What to work on: Output exactly, and only, the stretch of lines beginning at the line with "Fatta un’abbondante colazione" and ending at the last line of the listing below. Drop the pictures.

Stored data:
※ ※ ※

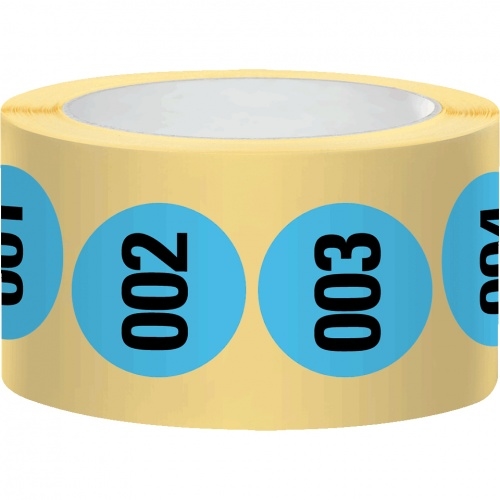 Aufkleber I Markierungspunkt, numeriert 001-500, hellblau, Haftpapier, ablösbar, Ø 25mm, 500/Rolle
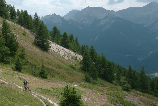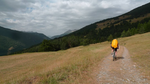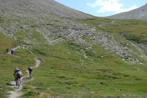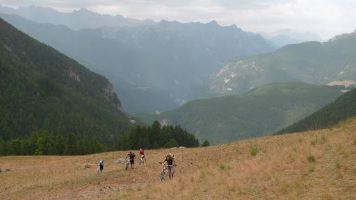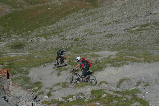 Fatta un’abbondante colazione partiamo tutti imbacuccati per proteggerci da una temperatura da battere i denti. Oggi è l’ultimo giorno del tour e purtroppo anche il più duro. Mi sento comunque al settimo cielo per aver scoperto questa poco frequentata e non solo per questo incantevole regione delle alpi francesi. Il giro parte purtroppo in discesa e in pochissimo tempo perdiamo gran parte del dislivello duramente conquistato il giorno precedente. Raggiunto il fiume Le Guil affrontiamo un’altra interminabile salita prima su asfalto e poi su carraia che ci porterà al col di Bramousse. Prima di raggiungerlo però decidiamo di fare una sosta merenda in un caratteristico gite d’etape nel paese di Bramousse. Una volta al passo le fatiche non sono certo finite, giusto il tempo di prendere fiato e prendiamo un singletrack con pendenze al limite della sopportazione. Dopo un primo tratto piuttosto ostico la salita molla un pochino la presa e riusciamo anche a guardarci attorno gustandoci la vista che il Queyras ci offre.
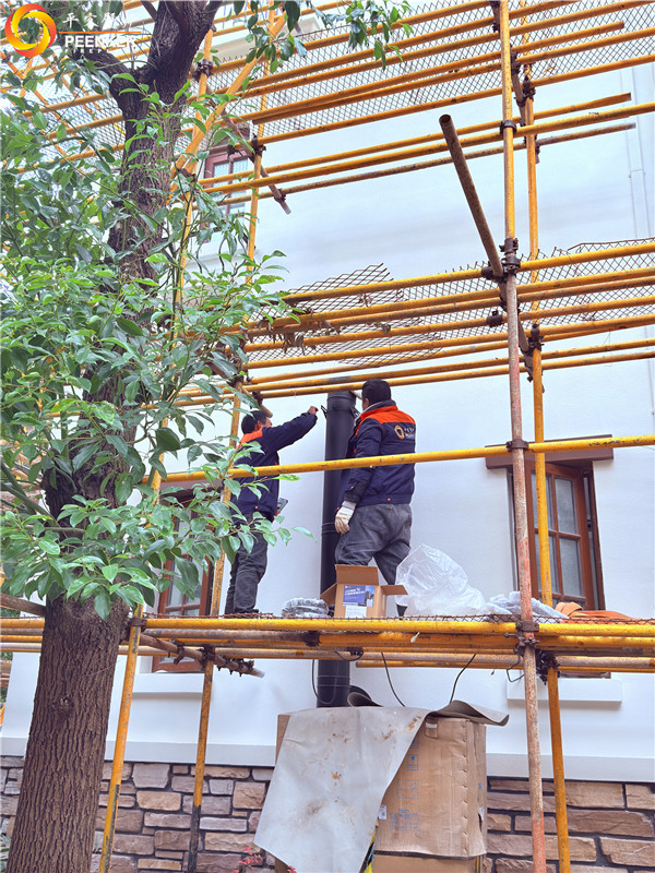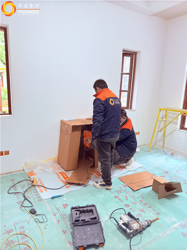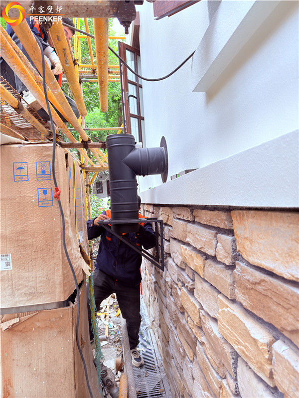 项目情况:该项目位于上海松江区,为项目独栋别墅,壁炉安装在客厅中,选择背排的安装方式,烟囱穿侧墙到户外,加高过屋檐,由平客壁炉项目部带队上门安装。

※ ※ ※

Task solution:
 Fatta un’abbondante colazione partiamo tutti imbacuccati per proteggerci da una temperatura da battere i denti. Oggi è l’ultimo giorno del tour e purtroppo anche il più duro. Mi sento comunque al settimo cielo per aver scoperto questa poco frequentata e non solo per questo incantevole regione delle alpi francesi. Il giro parte purtroppo in discesa e in pochissimo tempo perdiamo gran parte del dislivello duramente conquistato il giorno precedente. Raggiunto il fiume Le Guil affrontiamo un’altra interminabile salita prima su asfalto e poi su carraia che ci porterà al col di Bramousse. Prima di raggiungerlo però decidiamo di fare una sosta merenda in un caratteristico gite d’etape nel paese di Bramousse. Una volta al passo le fatiche non sono certo finite, giusto il tempo di prendere fiato e prendiamo un singletrack con pendenze al limite della sopportazione. Dopo un primo tratto piuttosto ostico la salita molla un pochino la presa e riusciamo anche a guardarci attorno gustandoci la vista che il Queyras ci offre.
 项目情况:该项目位于上海松江区,为项目独栋别墅,壁炉安装在客厅中,选择背排的安装方式,烟囱穿侧墙到户外,加高过屋檐,由平客壁炉项目部带队上门安装。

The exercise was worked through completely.